Concluderend is het hof, met de rechtbank, van oordeel dat niet vast is komen te staan dat het aanbod van de ene partij door de andere partij (onvoorwaardelijk) is aanvaard. Ook wanneer het hof (al) de door BCS (onder nummer 28 van de memorie van grieven) aangevoerde feiten en omstandigheden in aanmerking neemt, ook in onderling verband en in samenhang beschouwd, naast de inhoud van de tussen partijen gevoerde correspondentie, brengt dit het hof niet tot een ander oordeel. Voor zover BCS nog feiten en omstandigheden heeft aangevoerd die hiervoor niet zijn besproken, is het hof van oordeel dat die niet tot een andere conclusie ten gunste van BCS kunnen leiden. Bij deze stand van zaken komen de door BCS gestelde posten niet voor vergoeding in aanmerking. Het hof zal de vorderingen afwijzen.
3.19.
Uit het voorgaande vloeit voort dat de eerste (algemene) grief en de derde tot en met de vijfde grief falen.
3.20.
De zesde grief mist zelfstandige betekenis, zodat die geen afzonderlijke bespreking behoeft.
3.21.
BCS heeft geen voldoende geconcretiseerde stellingen te bewijzen aangeboden die, indien bewezen, kunnen leiden tot andere beslissingen. Haar bewijsaanbiedingen worden gepasseerd.
3.22.
De slotsom luidt dat het hoger beroep geen succes heeft. De grieven leiden niet tot vernietiging van het bestreden vonnis en dat vonnis zal worden bekrachtigd.

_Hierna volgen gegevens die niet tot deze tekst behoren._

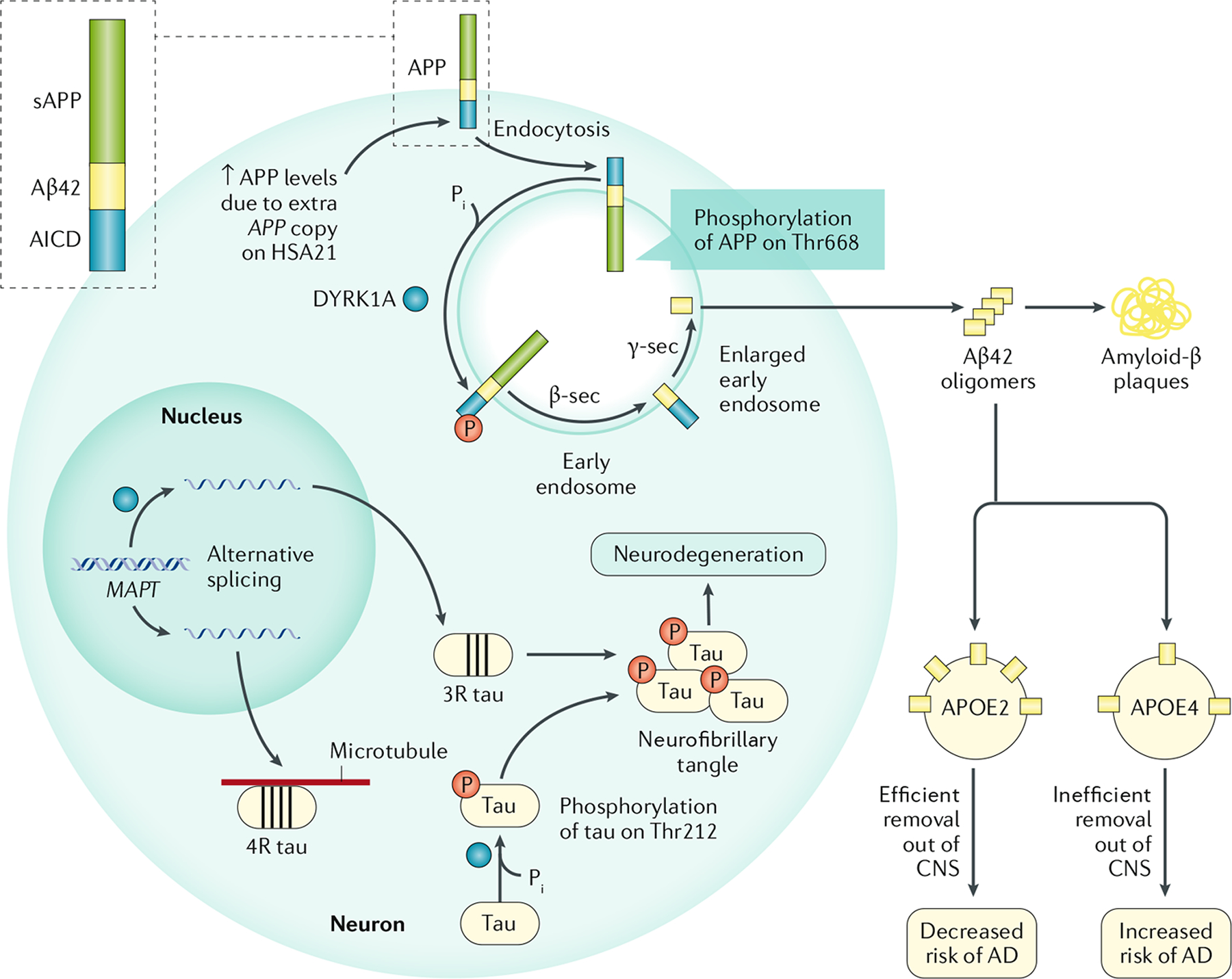 患有唐氏综合征 (DS;21 三体综合征) 的个体中,人类21 号染色体 (HSA21)上APP(编码淀粉样蛋白前体 (APP))和DYRK1A(编码双特异性酪氨酸磷酸化调节激酶 1A (DYRK1A))基因剂量的增加,增加了他们患阿尔茨海默病 (AD) 的风险。APP 可经受非淀粉样变性加工(未显示)和淀粉样变性加工,由 β-分泌酶 1 (β-sec) 和 γ-分泌酶 (γ-sec) 产生神经毒性 Aβ42 肽。APP 水平升高会导致 Aβ42 水平升高,而 DYRK1A 对 APP 在 Thr668 位点的磷酸化会增加 APP 的淀粉样变性加工。DYRK1A 在细胞中还有其他靶标,包括剪接因子和微管结合蛋白 tau。剪接因子的 DYRK1A 磷酸化会改变MAPT mRNA(编码 tau)的剪接,导致含有三个微管结合结构域(三重复 (3R) tau)的 tau 水平升高,而 4R tau 水平降低。这种不平衡会导致神经原纤维缠结 (NFT) 的形成,可能是因为 3R tau 对微管的结合亲和力较低。此外,tau 中 Thr212 的 DYRK1A 磷酸化会改变蛋白质的构象,降低 tau 对微管的亲和力并导致 NFT 形成。APOE 的 ε4 等位基因(APOE ⋆ ε4)的存在会改变Aβ 249的加工、沉积和清除,因此是 AD 的主要风险等位基因。AICD,APP 胞内结构域;APOE,载脂蛋白 E;CNS,中枢神经系统; P i,无机磷酸盐;sAPP,可溶性淀粉样蛋白前体。
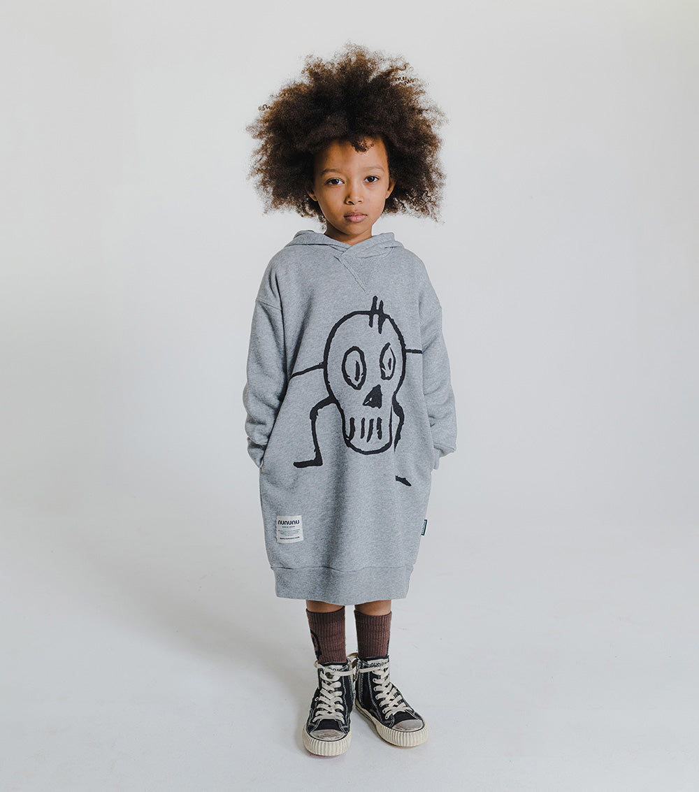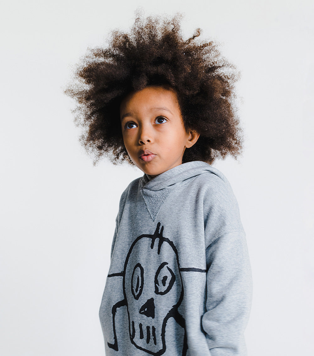 our latest take on the iconic nununu skull goes goofy with arms, legs & a tuft of hair scribbled on it—a collaboration with artist shay id alony. the new design comes nice & big on the front of this showstopping piece in black french terry. with its a-line cut & oversized hood, it’s a perfect throw-it-on to pair with leggings & jackets when it gets chilly. thumbholes & side pockets keep hands warm & secure, always.

BCS zal als de in het ongelijk gestelde partij worden verwezen in de kosten van het geding in hoger beroep.

4.Beslissing

Het hof:
bekrachtigt het bestreden vonnis;
veroordeelt BCS in de kosten van het geding in hoger beroep, tot op heden aan de zijde van Bot Bouw begroot op € 5.610,00 aan verschotten en € 6.556,00 voor salaris;
verklaart deze kostenveroordeling uitvoerbaar bij voorraad;
wijst af het meer of anders gevorderde.
Dit arrest is gewezen door mrs. J.C. Toorman, D. Kingma en S. van Gulijk en door de rolraadsheer in het openbaar uitgesproken op 19 juli 2022.